[proofplan] We first record a local $H^1$ estimate, obtained by testing the weak equation with a cutoff multiple of $u$. We then fix a coordinate direction and test the equation with a translated difference-quotient expression, which turns the leading part into a coercive integral involving $\nabla D_{k,h}u$. The coefficient-difference, cutoff, and forcing terms are estimated by Cauchy-Schwarz and the elementary Young inequality, with the local $H^1$ estimate controlling $\nabla u$. The resulting bound is uniform in the difference-quotient scale $h$, so the difference-quotient criterion gives all second weak derivatives on $V$. [/proofplan]

[step:Extend the weak formulation to compactly supported $H^1$ test functions] Let $\phi\in H^1_0(U)$ have compact support in $U$. Choose an [open set](/page/Open%20Set) $W\subset\mathbb{R}^n$ such that $\operatorname{supp}\phi\subset W\subset\subset U$. Since $a_{ij}\in L^\infty(W)$, $u\in H^1(W)$, and $f\in L^2(W)$, the functional $\Lambda_W:H^1_0(W)\to\mathbb{R}$ defined by \begin{align*} \Lambda_W(\psi):=\sum_{i,j=1}^n \int_W a_{ij}(x)\,\partial_{x_j}u(x)\,\partial_{x_i}\psi(x)\,d\mathcal{L}^n(x)-\int_W f(x)\psi(x)\,d\mathcal{L}^n(x) \end{align*} is continuous. Indeed, Cauchy-Schwarz gives continuity of the first term from the $L^\infty(W)$ coefficient bounds and $\nabla u\in L^2(W)$, and continuity of the second term from $f\in L^2(W)$. By the density of smooth compactly supported functions in $H^1_0(W)$, $C_c^\infty(W)$ is dense in $H^1_0(W)$. The weak equation says $\Lambda_W(\psi)=0$ for every $\psi\in C_c^\infty(W)$, hence by continuity $\Lambda_W(\phi)=0$. Therefore \begin{align*} \sum_{i,j=1}^n \int_U a_{ij}(x)\,\partial_{x_j}u(x)\,\partial_{x_i}\phi(x)\,d\mathcal{L}^n(x)=\int_U f(x)\phi(x)\,d\mathcal{L}^n(x) \end{align*} holds for every $\phi\in H^1_0(U)$ with compact support in $U$. [/step]
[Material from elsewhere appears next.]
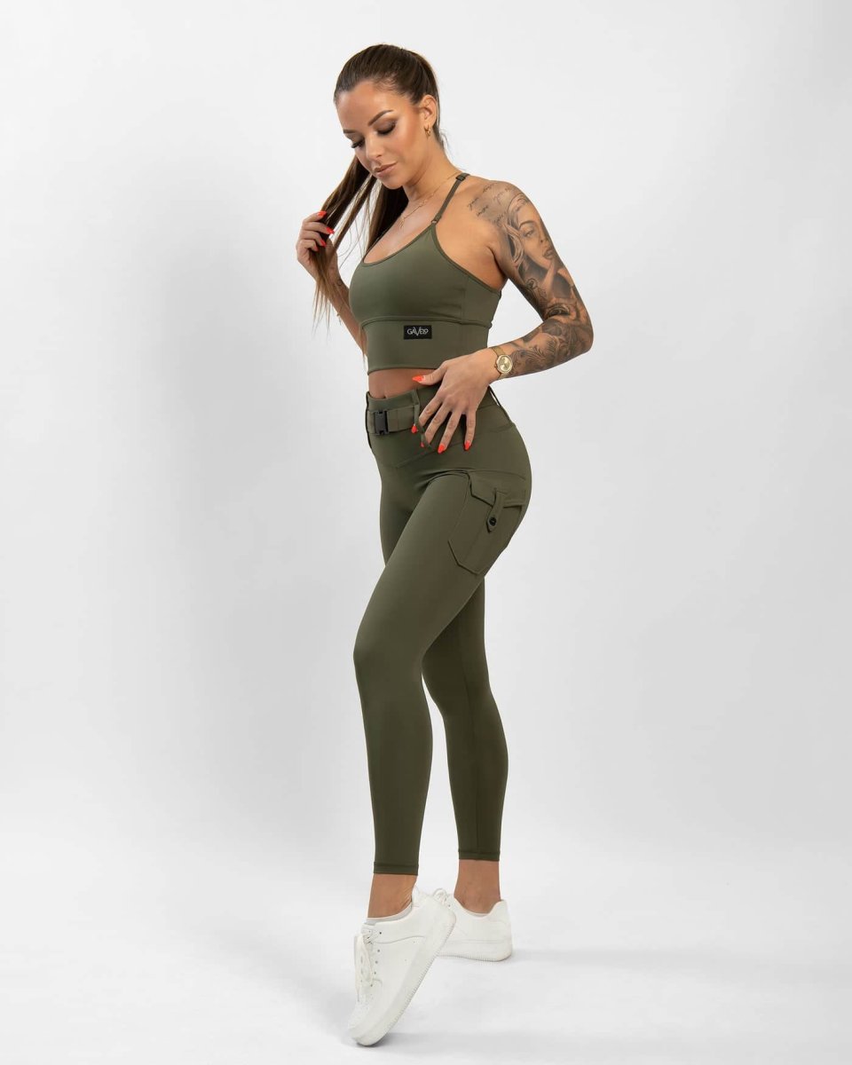 Stoere en stijlvolle Cargo legging met een perfecte pasvorm, in een militair groene kleur.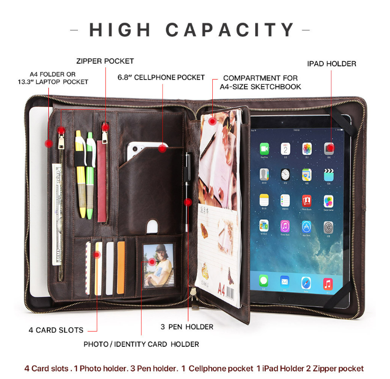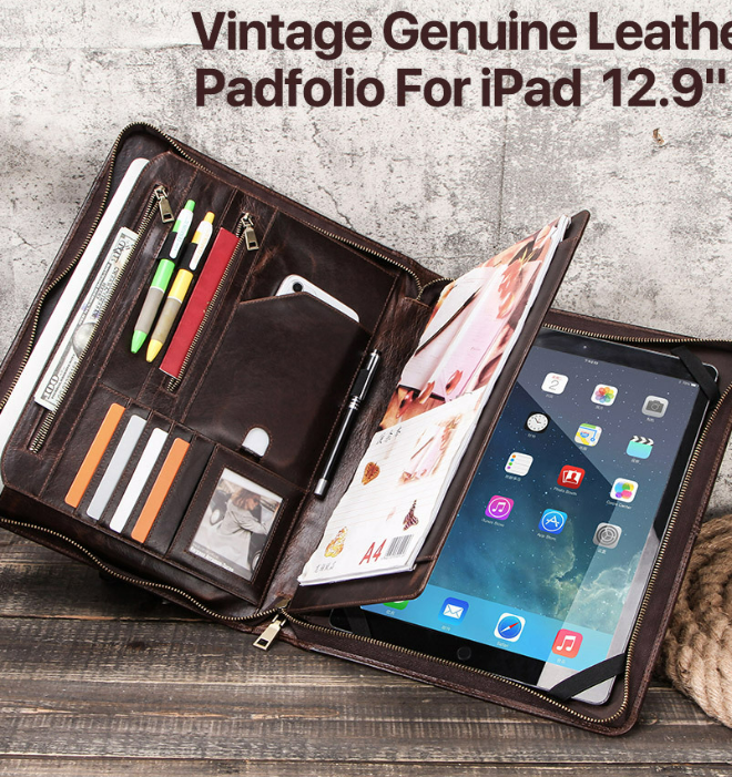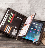 Men's Leather Portfolio iPad 12.9 Padfolio, Tablet Case, Document Folder Organizer with Pen Slot Zippered Writing Pad Card Pockets, Custom Name for Gift.

[step:Derive a local $H^1$ estimate from a cutoff test function] Let $W_0,W\subset\mathbb{R}^n$ be open with $W_0\subset\subset W\subset\subset U$. Choose $\eta\in C_c^\infty(W)$ with $0\le \eta\le 1$ and $\eta=1$ on a neighbourhood of $W_0$. Define \begin{align*} A_W := \left(\sum_{i,j=1}^n \|a_{ij}\|_{L^\infty(W)}^2\right)^{1/2} \end{align*} and \begin{align*} M_\eta := \|\nabla \eta\|_{L^\infty(W)}. \end{align*} Using $\phi=\eta^2u$ in the weak formulation gives \begin{align*} \sum_{i,j=1}^n \int_W a_{ij}(x)\,\partial_{x_j}u(x)\,\partial_{x_i}(\eta^2u)(x)\,d\mathcal{L}^n(x)=\int_W f(x)\eta(x)^2u(x)\,d\mathcal{L}^n(x). \end{align*} Since $\partial_{x_i}(\eta^2u)=\eta^2\partial_{x_i}u+2\eta(\partial_{x_i}\eta)u$, ellipticity gives \begin{align*} \theta\int_W \eta(x)^2|\nabla u(x)|^2\,d\mathcal{L}^n(x)\le \left|\int_W f(x)\eta(x)^2u(x)\,d\mathcal{L}^n(x)\right|+2A_WM_\eta\left(\int_W \eta(x)^2|\nabla u(x)|^2\,d\mathcal{L}^n(x)\right)^{1/2}\|u\|_{L^2(W)}. \end{align*} Applying Cauchy-Schwarz to the forcing term and the elementary inequality $2ab\le \varepsilon a^2+\varepsilon^{-1}b^2$ with $\varepsilon=\theta/2$, we obtain \begin{align*} \|\nabla u\|_{L^2(W_0)}^2 \le C_1\left(\|f\|_{L^2(W)}^2+\|u\|_{L^2(W)}^2\right), \end{align*} where $C_1$ depends only on $\theta$, $A_W$, and $M_\eta$. [/step]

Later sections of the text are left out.